Fiber also gives these grains the staying power to keep you full all morning. And the great thing is, even though it can take longer to cook them, you don’t have to make them every morning. Whip up a big batch on Sunday afternoon and it will keep in the refrigerator for the entire week!

But who wants to eat plain old boring oatmeal? I know I don’t, and your kids certainly won’t! Fortunately, Mother Nature has provided us unlimited healthy, delicious choices to spice up our oatmeal. 


Here are some of my personal favorites:

  • Pumpkin: Stir in 2 tablespoons of pureed pumpkin (or sweet potato), a dash of vanilla, a pinch of cinnamon, 2 tablespoons of walnut pieces and just enough brown sugar to suit your tastes. You’ll get a Vitamin A punch from the pumpkin, Omega-3 fatty acids from the walnuts and studies are beginning to show that cinnamon might help regulate blood sugar.
  • Dried Cranberries: Dried cranberries are another favorite oatmeal mix in, especially when combined with a couple tablespoons of chopped pecans. The dried cranberries are sweet enough that many people find they don’t even need to add any extra sweetness, but if you find yourself longing for something sweeter, don’t hesitate to stir in a teaspoon or two of agave nectar. Those cranberries can help prevent urinary tract infections and even strengthen the immune system and pecans are packed with Vitamin E.
  • Flaxseed: Want to boost the benefits of your oatmeal?
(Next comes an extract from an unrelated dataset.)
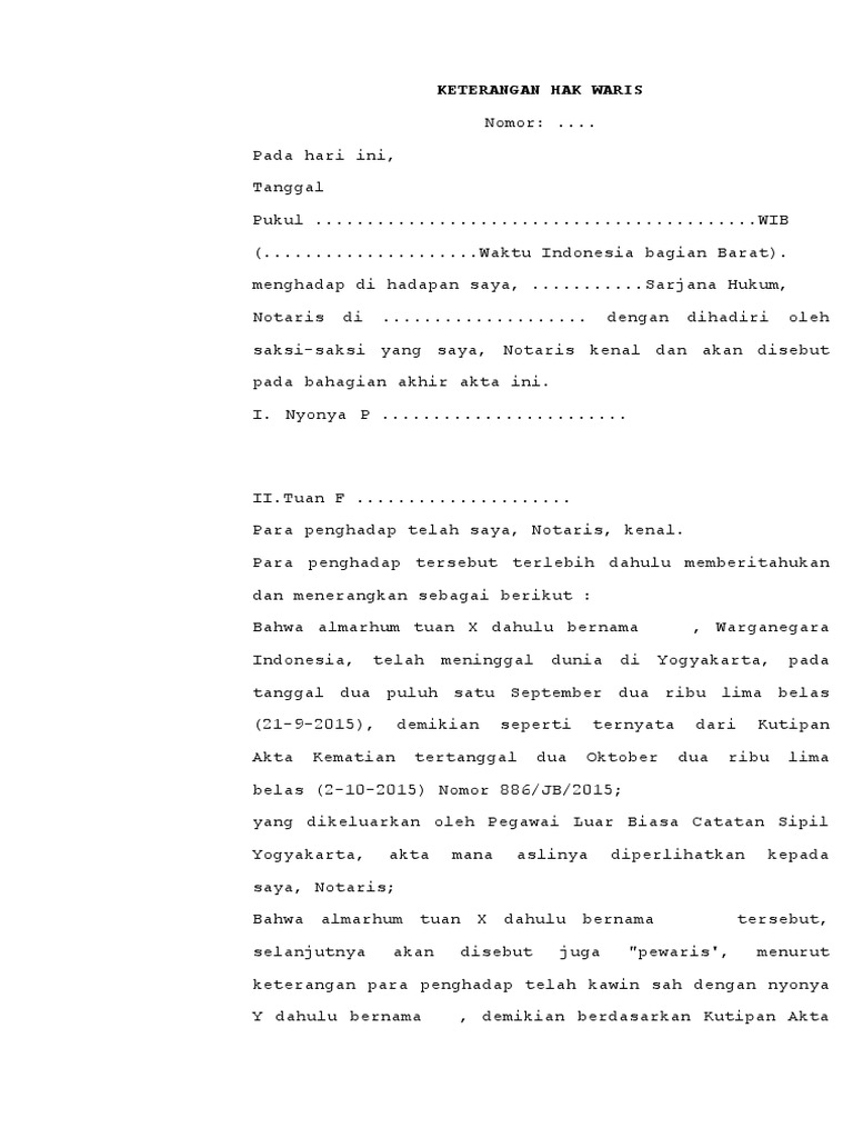 Naviriorg berikut ini adalah contoh surat perjanjian atau akta keterangan hak waris. Merupakan akta otentik yang dibuat olehdi hadapan pejabat umum yang berwenang sesuai pasal 1868 kuhperdata. Untuk keterangan waris wni pribumi karena keterangan waris cukup dibuat di bawah tangan saja maka aktanya merupakan surat di bawah tangan untuk keterangan waris wni tionghoa. Surat keterangan ahli waris merupakan surat keterangan yang isinya adalah pernyataan bahwa pihak pembuat surat keterangan ahli waris tersebut memang benar benar berhak atas segala sesuatu yang diwariskan oleh seseorang. Keterangan waris adalah surat yang dibuat olehdi hadapan pejabat yang berwenang yang isinya menerangkan tentang siapa saja ahli waris dari seseorang yang sudah meninggal dunia. Cara buat dan contoh surat keterangan bebas narkoba tanpa adanya surat keterangan ahli waris seseorang yang merupakan ahli waris tidak bisa mengambil dan menguasai harta warisan.

Try adding a tablespoon or two of ground flaxseed. Flaxseed contains Omega-3 fatty acids which can lower cholesterol and blood pressure, and lignans, which are especially important for fending of female-specific diseases such as breast cancer. Plus, its subtle crunch and nutty flavor complements the oatmeal perfectly.
Experiment with your own oatmeal recipes, and you’re sure to find a flavor that everyone in the family loves!